Writers are warned never to give away the ending of a movie or play. But beginnings are fair game. This is how Paul Dooley opens his one-man show, Movie Dad:
‘I am a character actor. That’s the definition of me. For the past 60 years, I’ve been pretending to be other people. Tonight, I’m going to pretend to be myself. The character actor is never the star of the movie or the TV show. The audience may feel his face is familiar, but have no idea what his name is. Some of us kind of look alike too. Still, I was surprised recently when someone thought I was Paul… Sorvino. When, obviously, I’m Ned Beatty.’
I’m no character actor, but as someone who’s routinely been mistaken for Steven Spielberg or Richard Dreyfuss (not at the same time), I feel Dooley’s pain. On the other hand, I don’t have a one-man show, which Dooley does, and which he’s reprising, beginning tonight for two weeks at West L.A.’s Theater West. One of the things Dooley talks about in the show is a character actor’s chief perk (besides regular paychecks): Observing great directors and actors at work over the long haul. Dooley’s film and television credits number nearly 200, dating from George C. Scott’s legendary TV series East Side/West Side in 1963, right up through Cars 3 (animated features being a longtime and extremely lucrative side gig for character actors with character voices).
The highlights include working on Broadway with Mike Nichols, when he started out as a poker player in The Odd Couple and then took over for Art Carney as Felix Ungar opposite Walter Matthau’s Oscar Madison, and a bona fide member of the semi-permanent acting companies rotating in and out of films by Robert Altman (Popeye, A Wedding) and Christopher Guest (Waiting For Guffman, A Mighty Wind). More often than not, he’s cast as some star’s father, hence the title of his show.

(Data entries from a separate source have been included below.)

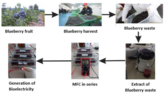 Likewise, blueberries have exponentially increased their production during the last five years around the world; for example, in Europe and America, in 2019, 136,495 and 676,313 tons of blueberries were commercially produced, respectively [7]. The increase in its consumption is mainly due to its valuable components (K, Ca, Mg, P, Fe, Mn and Zn), which are essential for the human diet [8]. In this sense, the import and export of this product throughout the world has increased, as well as the increase in waste of this fruit. Particularly in Peru, blueberry production in 2018 reached 89,735 tons, which represented a greater volume of 71.6% compared to 2017. The departments of La Libertad, with 16.8 t/ha, Lambayeque (15 t/ha), Ica (8.2 t/ha), Lima (4.5 t/ha) and Ancash (4.1 t/ha), stand out in terms of the highest yield rates [9]. Because of this, the waste of this type of fruit has generated the need to give an added value and produce benefits to the owners of this material. In this sense, organic waste has been used as a fuel in MFC, which is being intensively studied due to the use that can be given to these types of materials for generating electric current [10]. Toding et al. (2018), in their research, used banana and orange peel as fuel (substrate) for the generation of electricity in its single-chamber MFC with copper and zinc electrodes (anode and cathode) coated with activated carbon and graphite, respectively; generating approximately 0.67 V in the orange-peeled cell [11]. Manjrekar et al. (2018) manufactured low-cost, double-chamber MFC by using aluminum electrodes and kitchen waste (orange peels, banana peels, vegetable peels, vegetable scraps, etc.) as fuel, generating a voltage of 1.57 V by connecting the four cells produced in series [12]. Kondaveeti et al. (2019) studied power generation in a single-chamber microbial fuel cell from the citrus peel as substrate. Voltage results showed a generation of 262 mV, a current density of 349 mA/m2, with a maximum power generation of 71.1 mW/m2 with an organic load of 3 kg/m3 [13]. In addition, Kamau et al. (2018) studied voltage generation in MFC from the use of food waste, where the results showed that the average voltage obtained was higher in avocado waste at 0.357 V and lower in watermelon waste at 0.009 V. Power and current density for all fruits were in the range from 0.060 to 22.530 µW/m2 and 0.751 to 63.110 mA/m2, respectively [14]. Finally, Din et al. (2020) used potato waste in single-chamber MFC with copper and zinc electrodes, generating a voltage and peak current of 1.12 V and 12.5 mA in a single cell, demonstrating high efficiency for a pH of 7.2 and external resistors of 90 Ω [15]. It is important to mention that a large part of these fruits or vegetables are destined for the industry, so it generates residues that can be used, giving them an added value and minimizing the impact of their accumulation on the environment [16], by turning microbial fuel cells into sustainable technology to generate bioelectricity from organic waste [17].
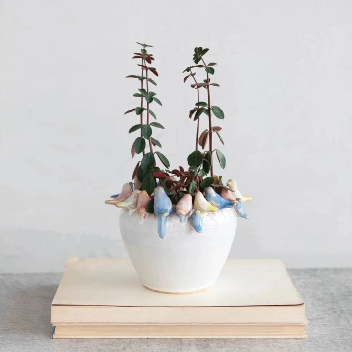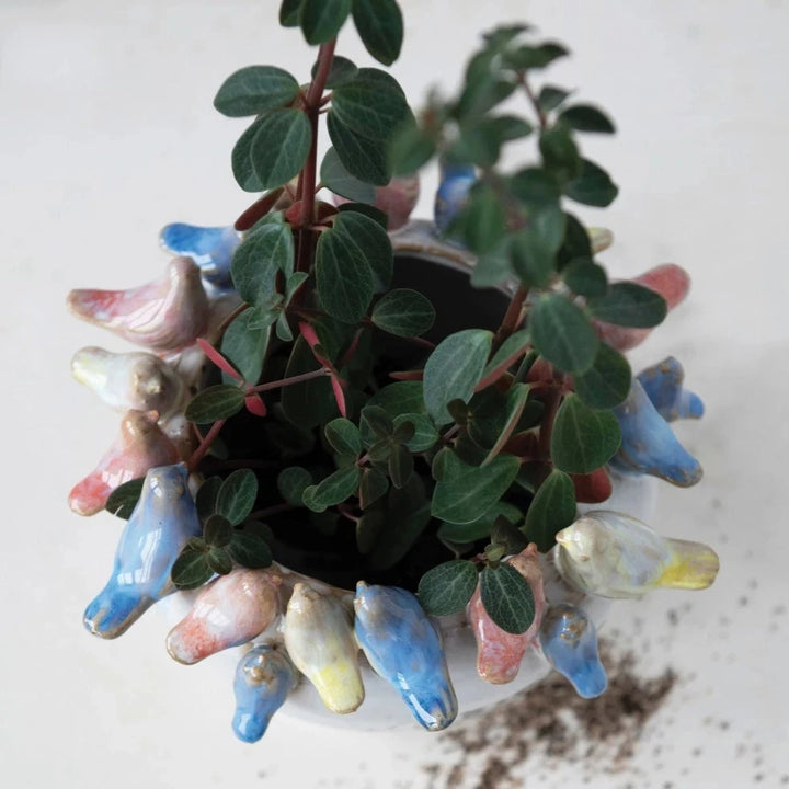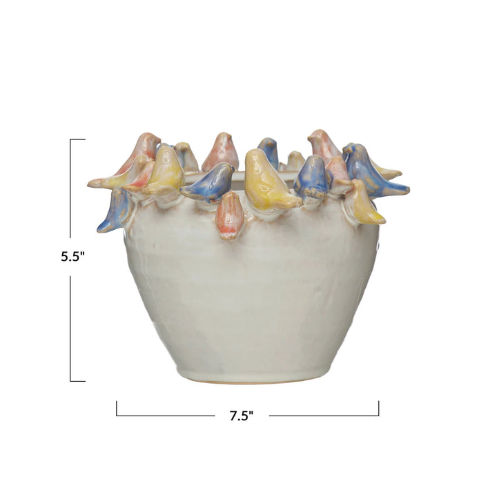 Bring some whimsy to your home with this beautiful planter! The colorful birds around the rim are as pretty as the plant it will hold.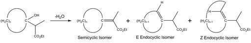 Keywords: Endocyclic isomers products.png en Elimination of water from tertiary alcohols proceeds via an E1 mechanism The three major products formed are shown above own Chem540f09grp4 2009-11-09 Organic reactions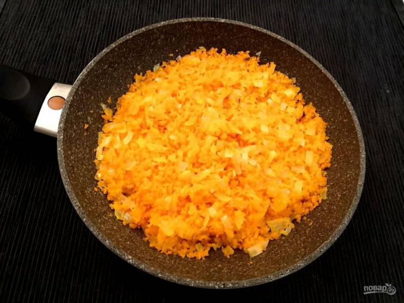 Лук порезать мелко, обжарить на сливочном масле, потом добавить морковь и обжарить все вместе.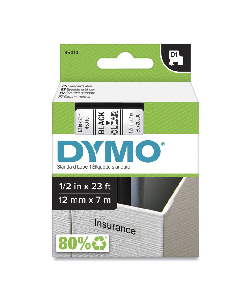 D1 High-Performance Polyester Removable Label Tape, 0.5" x 23 ft, Black on Clear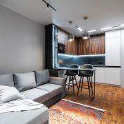Из бытовой техники: 2 кондиционера, телевизор (нет на фото), холодильник, СВЧ-печь, духовой шкаф, индукционная панель, стиральная машина, посудомойка.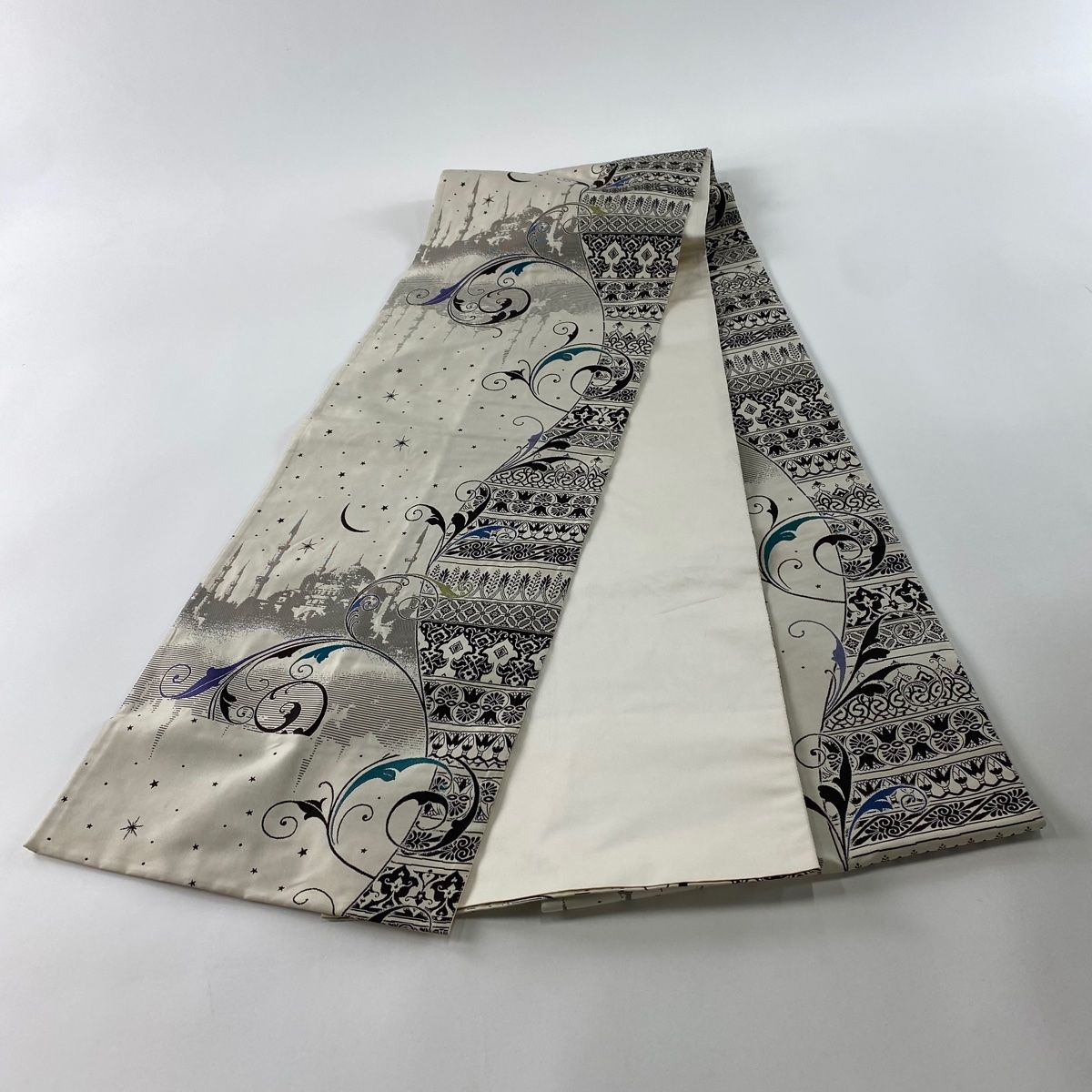 袋名古屋帯 建物 唐草 クリーム 正絹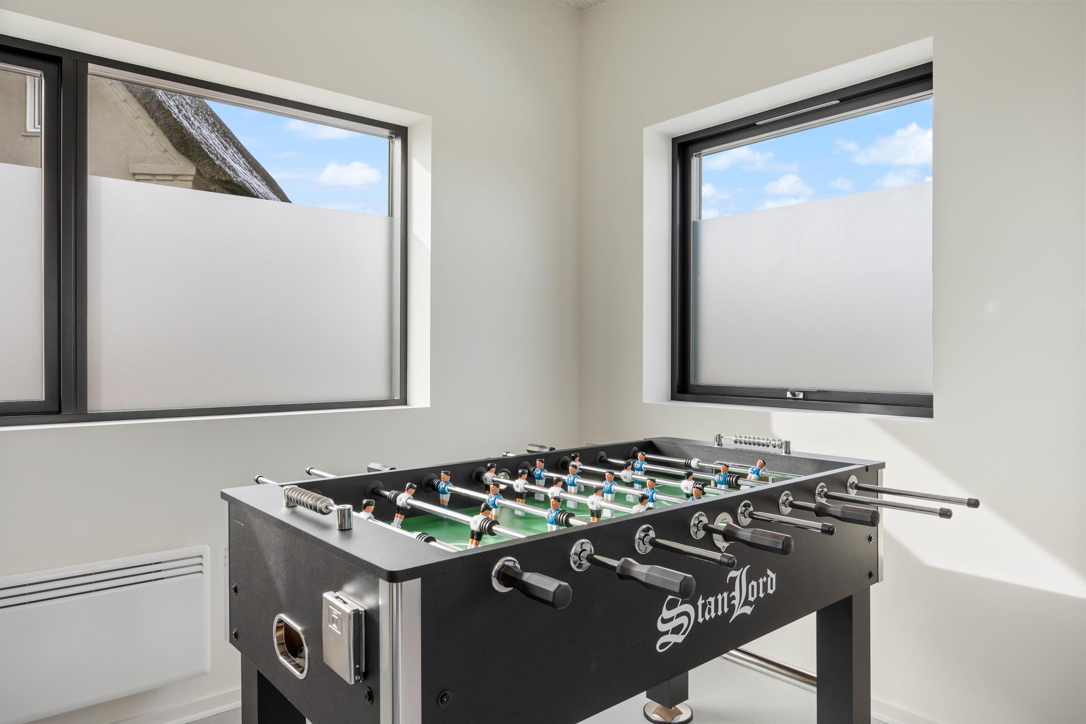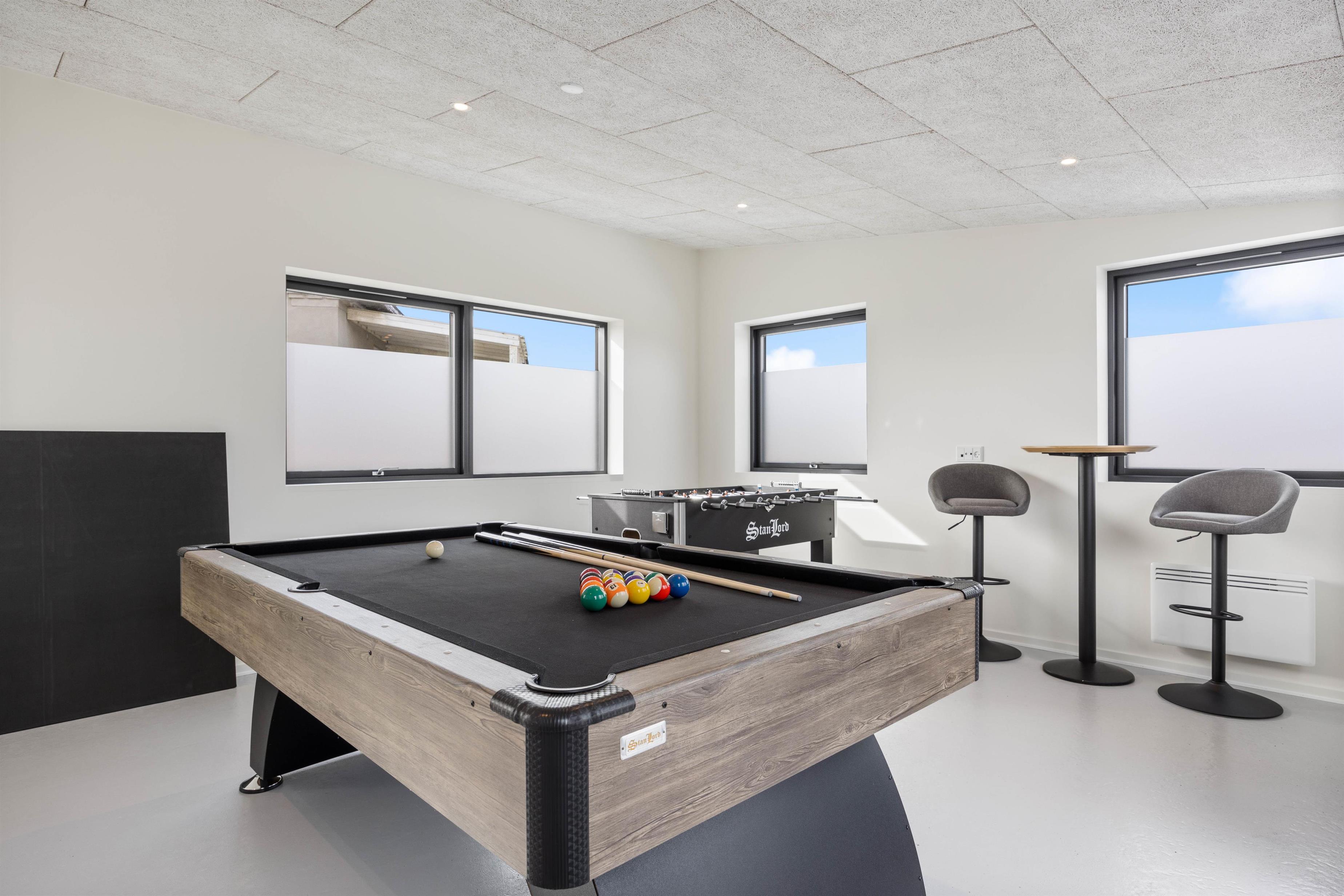 Feriehuset på Lodbergsvej 379 indehoder også et herligt aktivitetsrum med både bordfodbold, bordtennis og billard/pool som I kan hygge jer med på ferien, og holde turneringer i, mens opvaskemaskinen klarer opvasken.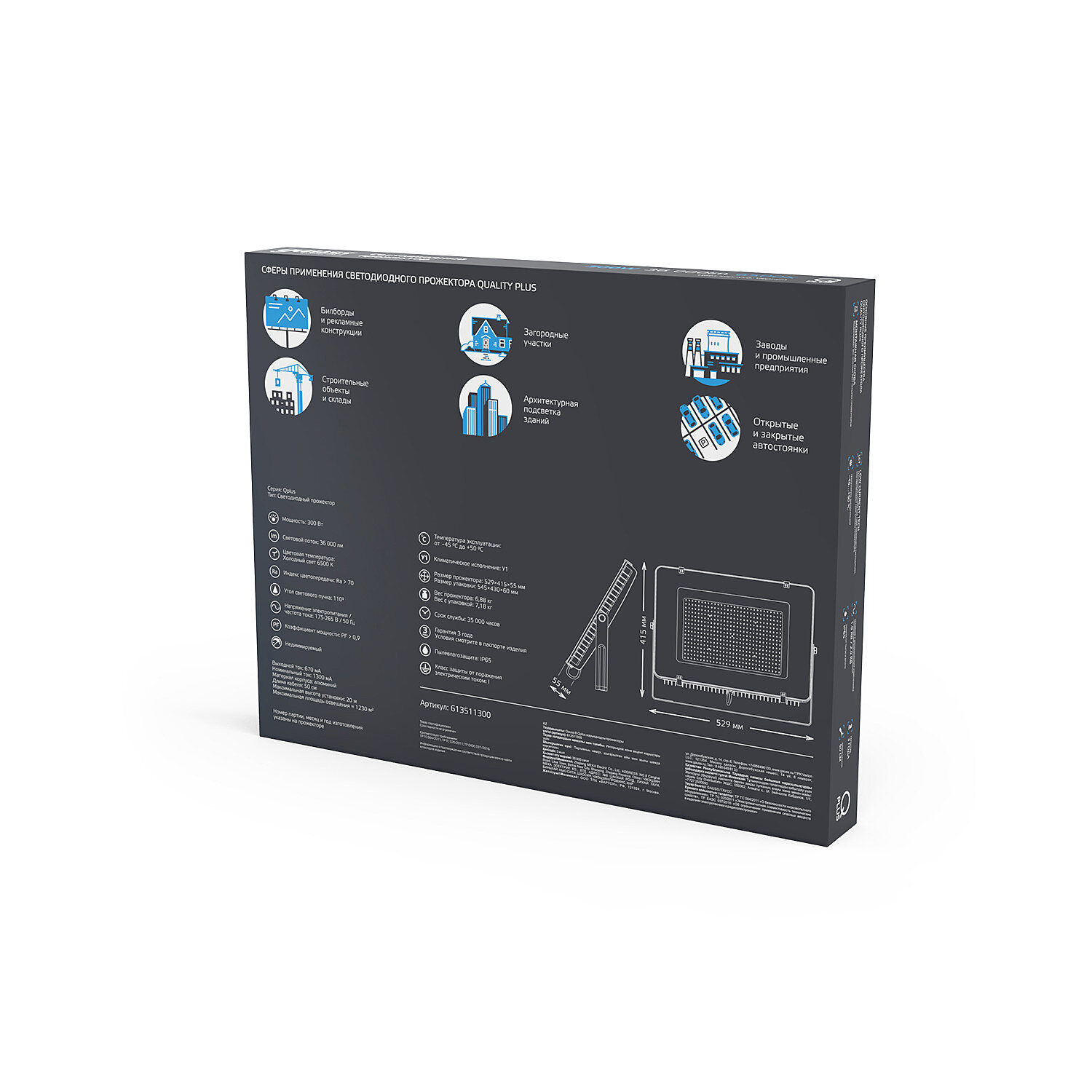 Прожектор уличный Gauss Qplus 613511300 светодиодный 300Втчерный интересное: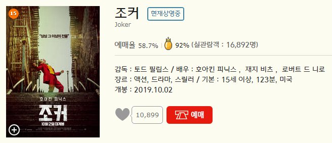 부천역 cgv 영화예매 순위를 살펴보면 조커가 현재 가장 높은 점유율을 보이고 있습니다.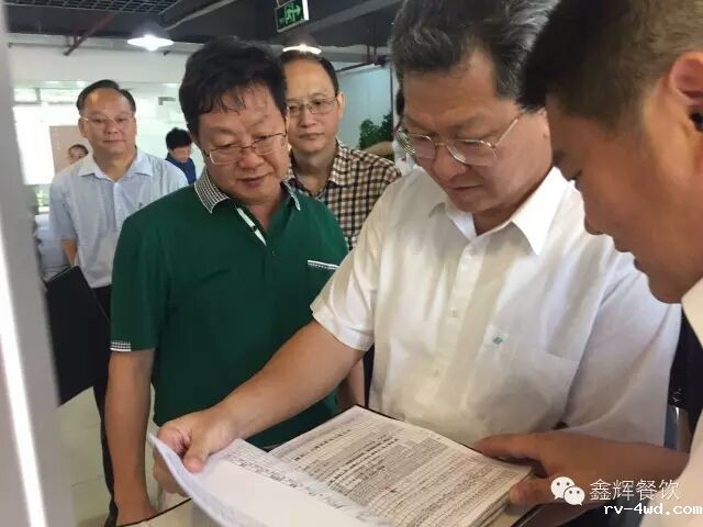 在鑫辉餐饮配餐中心董事长向各位领导们讲解了全自动化设备的整个生产线食品操作过程及食品安全管理操作标准,对此,领导们给予了极大的赞许。期间,陈副市长对公司食品台账认真查看,并对我鑫辉餐饮公司对新食品安全法的执行与食品安全的管控工作核实给予了高度的评价。

In a telephone conversation a few days back, I asked him about the perils of doing an autobiographical one-man show. We couldn’t find any.
“It was really easy,” he said, “because it’s almost like me talking to friends or people who just met me.” The show is peppered with media displays from his C.V., which presents its own set of problems. “The biggest challenge,” he said, “is keeping pace with the 50 or 60 times we cut to a still or clip if I give the wrong cue. My co-star is the screens.”
‘Robert Altman said, “I picked you to be you.” He encouraged actors to try things and let you put things in, saying ‘I can always cut it out if I don’t like it.’ And he hired every actor for the whole movie, not just the role in the script.”
Having worked, notably, with Nichols and Altman, he might have been challenged by the different styles of the countless helmers who’ve employed him across six decades. I was hoping for an exegesis, but his response was typically concise, illuminating – and, perhaps, a caution to younger talent on both sides of the camera.
“My experience is, the bigger director, the less he told you what to do,” Dooley said. “Robert Altman always said that half the battle, or 75 per cent, is casting, and let the actors do their work. He told the actors almost nothing, gave us a lot of freedom. He said, ‘I picked you to be you.’ He encouraged actors to try things and let you put things in, saying ‘I can always cut it out if I don’t like it.’ And he hired every actor for the whole movie, not just the role in the script. He said, ‘How do I know I won’t want you for another scene?’ “
As for Nichols – who made his name on Broadway as Neil Simon’s early director before Who’s Afraid of Virginia Woolf? and The Graduate made him one of Hollywood’s first ’60s auteurs – Dooley recalled that “with The Odd Couple, Mike would work quietly with Art Carney, but he would not push so hard. He had a very simple, very clear approach.”
Dooley’s non-acting credits are equally estimable. He co-created and wrote public television’s The Electric Company and acted on ABC’s game-changing series My So-Called Life, which launched the careers of Claire Danes and Jared Leto. That show, as it happens, was created by Dooley’s wife, writer Winnie Holzman, whose credits include the Broadway musical Wicked, one of the biggest hits of all time.
Dooley, a product of the Great Depression who spent his salad days in New York working off-Broadway in shows such as The Threepenny Opera, takes such changes of fortune in stride. That seems to be a quality shared by the breed thespis characteris, sub-species comicus. – and, I supposed, their spouses. I asked Dooley if Wicked had changed their lives.
“Well,” he said, with a brief pause to give it some thought – or perhaps just a knowing beat for comic timing. “We bought new furniture.”
Movie Dad runs through July 23 at Theatre West: theatrewest.org.